In no time at all his cigarette became ash, and uneasiness seemed to take a firmer hold with every drag. And then, out of nowhere, Rose was standing in front of him, coughing and wafting away the smoke with the missing persons notice in hand.
“Thanks, Carl,” was all she said, pointing at her little poster. No exuberant gush of elation that would knock him off his feet. Just a simple “thanks.” Coming from Rose, it spoke volumes.
She ignored his pained expression and sat down on one of the horrendous chairs she had once managed to sneak into his office.
“I’ve been looking into what might have happened to our missing person here, but that won’t surprise you, I’m sure.” She jabbed a finger at the photo of the red-haired William Stark. “The phone number on the notice is no longer in operation, of course, but I’ve found a new one, so we can get in touch with the girl who put it out.”
“OK. What is it exactly that’s got you so turned on about this case?” he asked.
“Assad, come in here a minute, will you?” she hollered.
A moment later he shuffled in, hungry for something new to sink his teeth into, ready for action with his hand-chased metal tray and three tiny cups of steaming, sticky goo. “I think this calls for some Turkish delight,” he announced, with a nod toward the colored blobs of sugar on the tray as if they were the contents of the Holy Grail.
“Assad’s done a background check, and I’ve been researching the situation as it stands now,” Rose explained, as if this were just a matter of course.
Carl shook his head. The two of them together were like a herd of stampeding gnu on the plains of Africa. Heads down and full steam ahead, and if he wasn’t going to join in, he’d better get out of the way.
Assad deposited his saccharine shock on the table and sat down next to Rose, notepad at the ready.
“A clever guy, this William Stark. Top of his year at law school. Very strange, in fact, that he then did not rise higher in the hierarchy before he disappeared.” Assad laid some papers in front of him. “Forty-two years old and fifteen years as a ministerial civil servant. Before that, a legal clerk and consultant for a number of lobby groups. Unmarried, but has been living six years with a Malene Kristoffersen and her daughter, Tilde. Malene is forty-seven now, Tilde is sixteen, and they live out in Valby.”
“What about Stark’s personal finances?”
Assad nodded. “Twenty years of careful saving up. Mortgage paid off and more than eight million kroner in securities. Mostly inherited from his mother, who died just before he went missing. He was an only child, and there were no other close family members.”
“Eight million? Wow!” Carl whistled. If he had that kind of money he’d buy two tickets to Cuba and force Mona into coming with him. A month under the palm trees and a bit of rumba to loosen the loins and ruffle the sheets, and she was bound to soften up.
He shook the thought out of his head. “OK, have we got any statements from people who knew him? Anything that might give us a hint as to why he disappeared?”

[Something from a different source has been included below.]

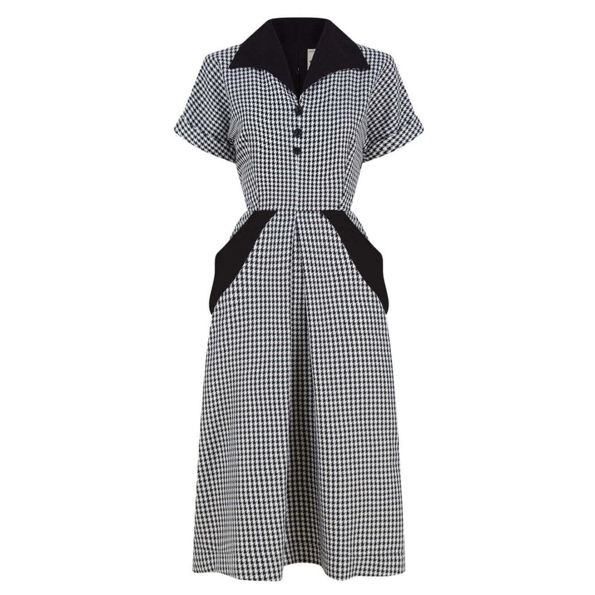 Erlebe den Glamour der 1940er- und 50er-Jahre mit dem wunderschönen Sophia Kleid von Weekend Doll. Gefertigt aus stilvollem Viskose-Mix im klassischen Hahnentrittmuster, vereint es Vintage-Charme mit durchdachten Details wie dekorativen Knöpfen, kontrastierendem Kragen und praktischen Seitentaschen. Der ausgestellte Rock mit invertierter Falte fällt bis über das Knie und sorgt für eine authentische Silhouette im Retro-Stil. Das Kleid lässt sich mit oder ohne Bindegürtel tragen und ist ideal für verschiedenste Anlässe.

Rose took over. “No, nothing. His colleagues at work describe him as the quiet type, but at ease with himself. The report says that nothing at work or on the domestic front gave cause to suspect he was depressed or anything like that.”
Lucky bastard.
“But again, Rose, why are you so interested in this case? Other than feeling sorry for the young girl, which I completely understand. What else is there?”
“The circumstances, Carl. I can understand going to Africa and disappearing there. Of course it could have been against his will, with all the dangers there must be in a place like that, but intentionally vanishing in a region with no rule of law could be a possibility, too. It could have been a lust for adventure, or he might have just been sick and tired of the daily routine back home. Sick and tired of his work and his colleagues. Fed up with the cold and dark of winter and the political climate in Denmark. Or maybe he needed more sex. Maybe he had a preference for young, dark-skinned girls. He wouldn’t be the first, would he?” She paused to give weight to what followed. “Or young, dark-skinned boys, for that matter. He might have had secrets. We all have them, you know.”